- **The data**
________

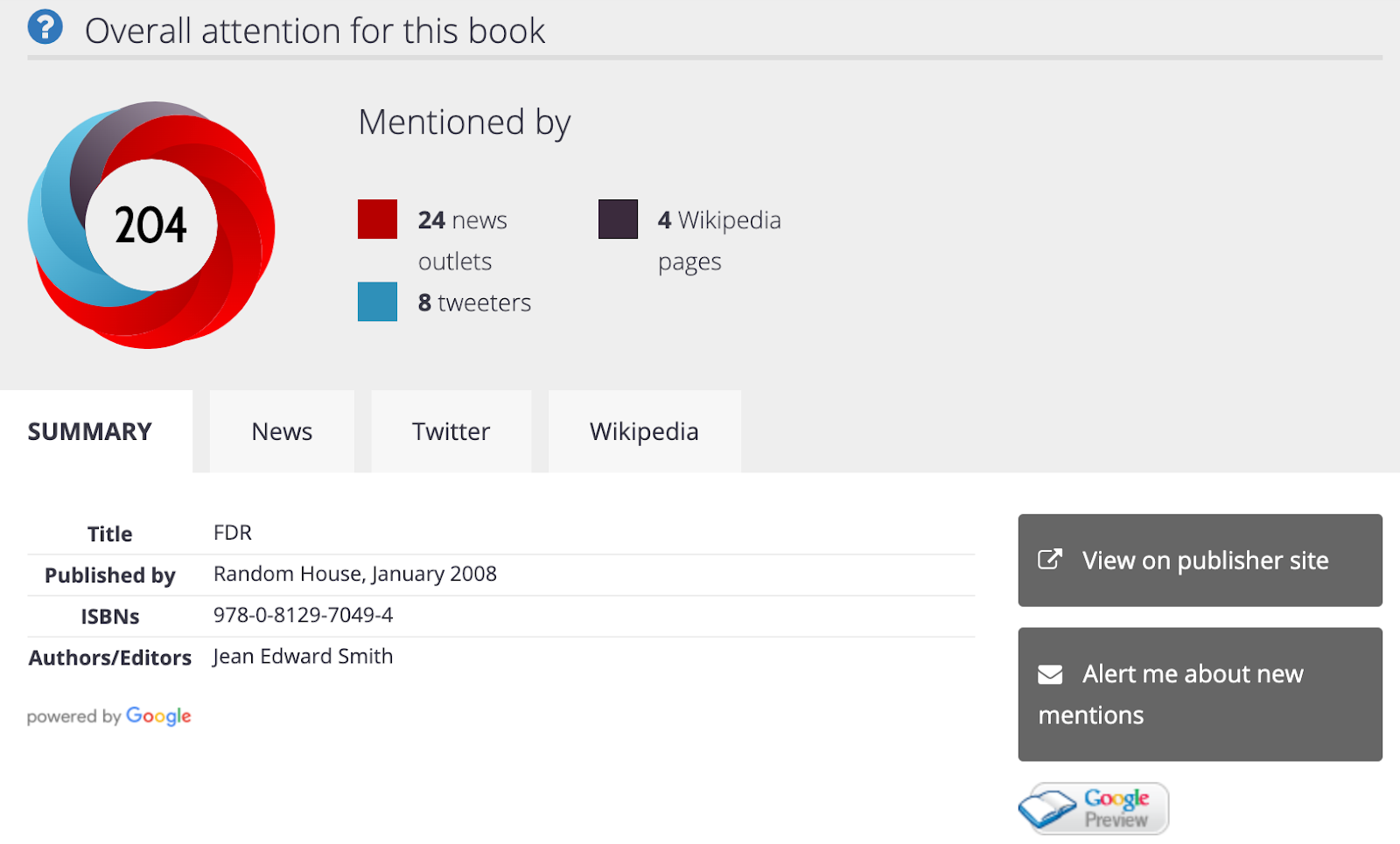 When we see a Google Books mention in any of our sources, we try to identify the book by sending a query to the Google Books API. The Google Books API returns all of our requested metadata (book title, authors/editors, and so on), which we then display in Altmetric details pages.
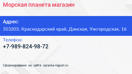 Морская планета, магазин по адресу 353203, Краснодарский край, Динская, Ужгородская, 16 в дальнейшем Организация, размещена в следующих категориях:
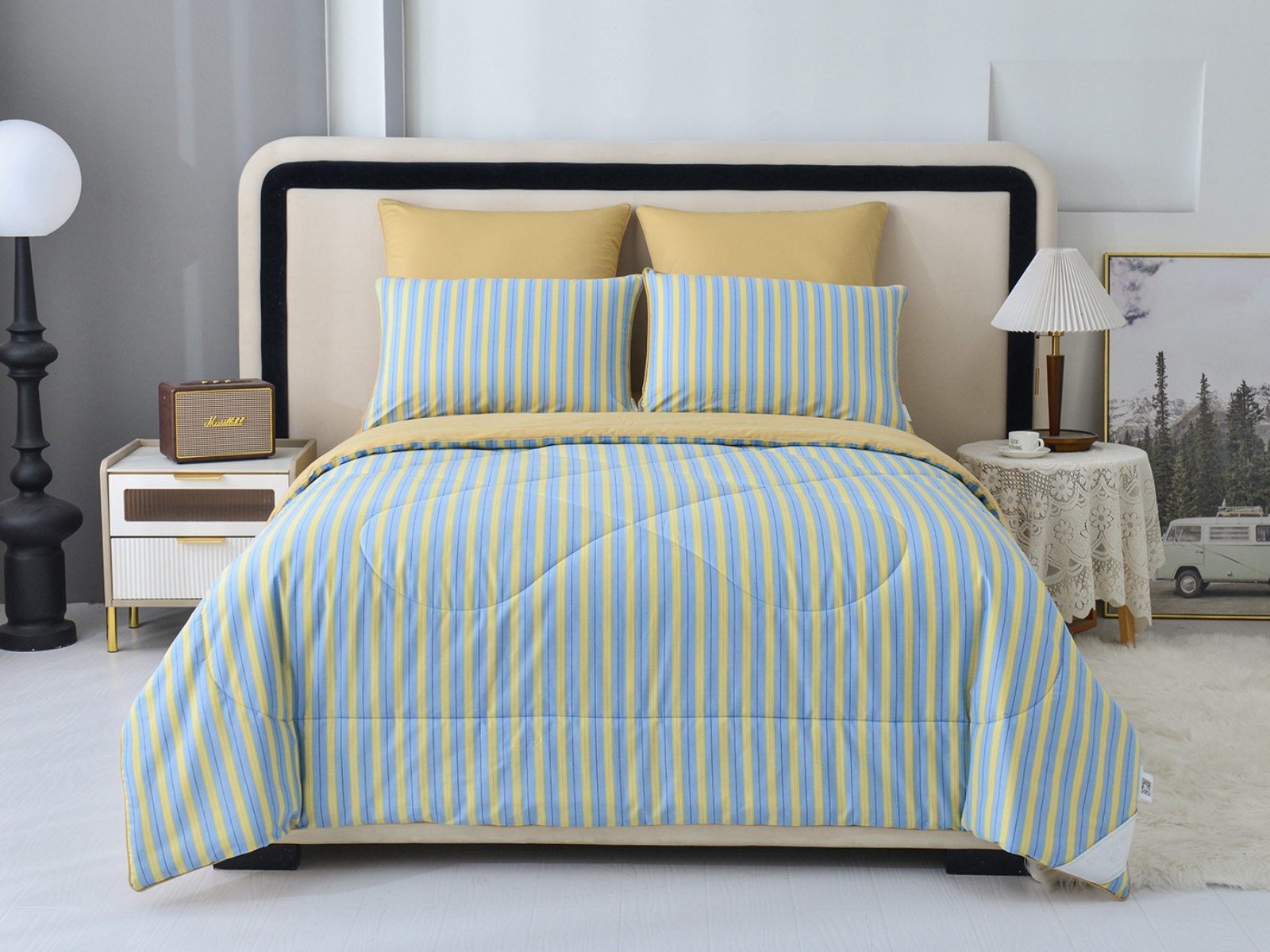 В комплект входит легкое, мягкое, летнее одеяло. Его можно стирать вместе с другим бельем, оно быстро сохнет и после стирки его не нужно гладить.

________

- **Description of the task**
All of the material above is to be copied exactly, except for its images.

- **Your response**
 When we see a Google Books mention in any of our sources, we try to identify the book by sending a query to the Google Books API. The Google Books API returns all of our requested metadata (book title, authors/editors, and so on), which we then display in Altmetric details pages.
 Морская планета, магазин по адресу 353203, Краснодарский край, Динская, Ужгородская, 16 в дальнейшем Организация, размещена в следующих категориях:
 В комплект входит легкое, мягкое, летнее одеяло. Его можно стирать вместе с другим бельем, оно быстро сохнет и после стирки его не нужно гладить.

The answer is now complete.